The defence unsuccessfully argued during trial that Bird was provoked into stabbing Michell, a resident of the Siska Indian Band reserve, 73 times when he awoke to find himself being sexually assaulted by the older man.

It was Bird’s second trial after the B.C. Court of Appeal ordered a new trial, finding the original judge should not have accepted Crown evidence that Bird was an experienced drinker.

Drunkenness can be used under the law to reduce a murder charge to manslaughter.

However, the jury rejected manslaughter and the argument that Bird acted in self-defence to fend off a sexual assault by Michell.

Dley said he found Bird’s most truthful answers were to police in interviews rather than in his testimony at trial.

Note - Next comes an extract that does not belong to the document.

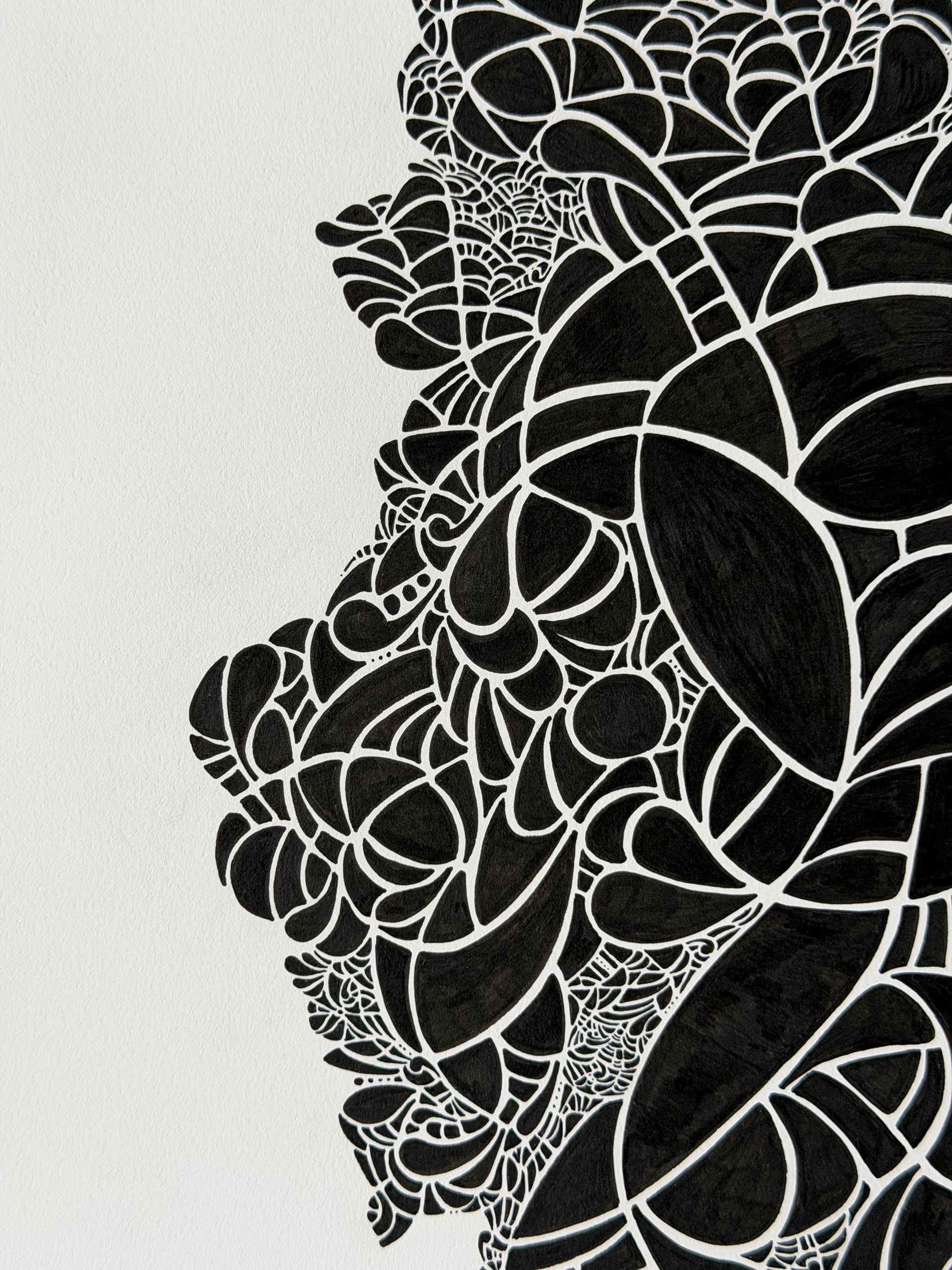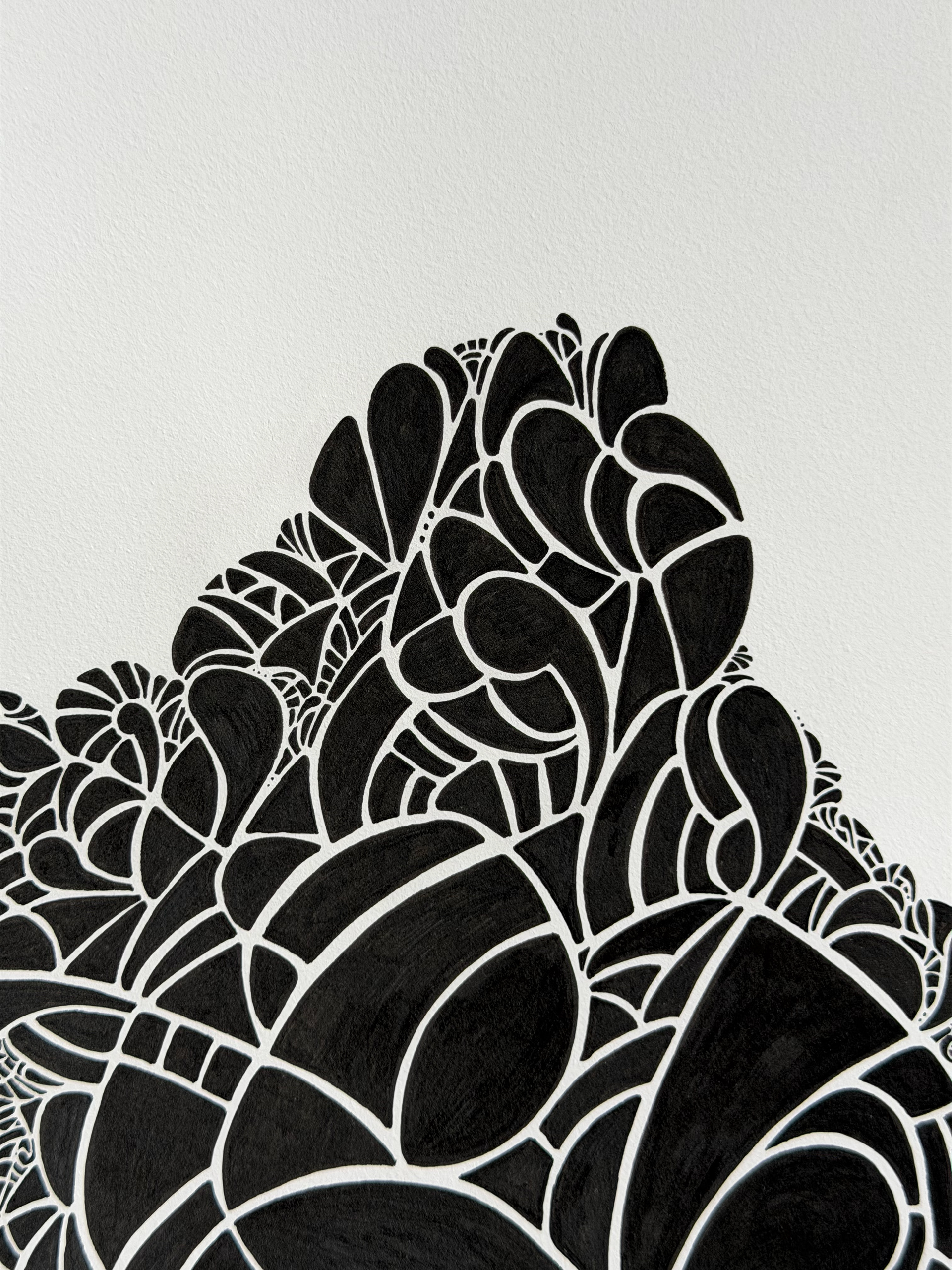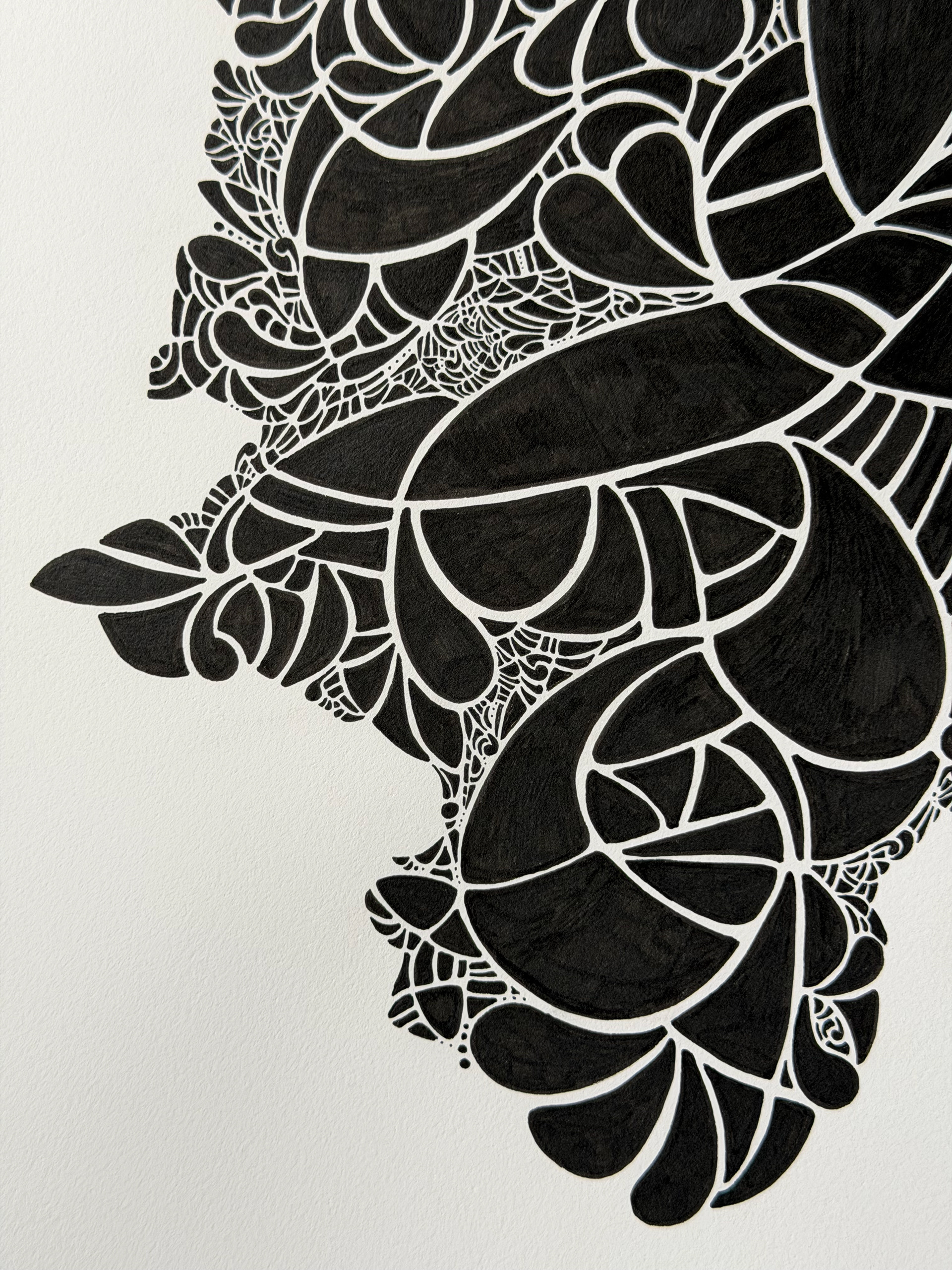 The piece invites viewers to slow down, tracing its intricate contours as a form of visual meditation, a reminder that even in shadow, new patterns of growth emerge.

Dley ruled Bird did not awake naked to find Michell with his head in his lap. Instead, he sided with Bird’s statements to police that when he awoke, Michell was watching pornography on his computer. Michell sat beside Bird, who removed his own shorts. Bird grabbed a small, folding knife that Michell had on him — a knife the older man was not brandishing in an aggressive manner — and stabbed Michell in the throat.

Dley said a fight then ensued.

“It appears Mr. Bird was overwhelmingly physically superior,” Dley said.

When the folding knife broke, Dley said Bird went to the kitchen to get a steak knife to continue stabbing a then-helpless Michell.

In police interviews, Bird could not explain why he killed Michell, whom he had earlier met while hitchhiking and with whom he was staying for more than a week.

Dley said Bird killed the man he called his friend several times in police interviews “without an apparent motive and without any plausible explanation.”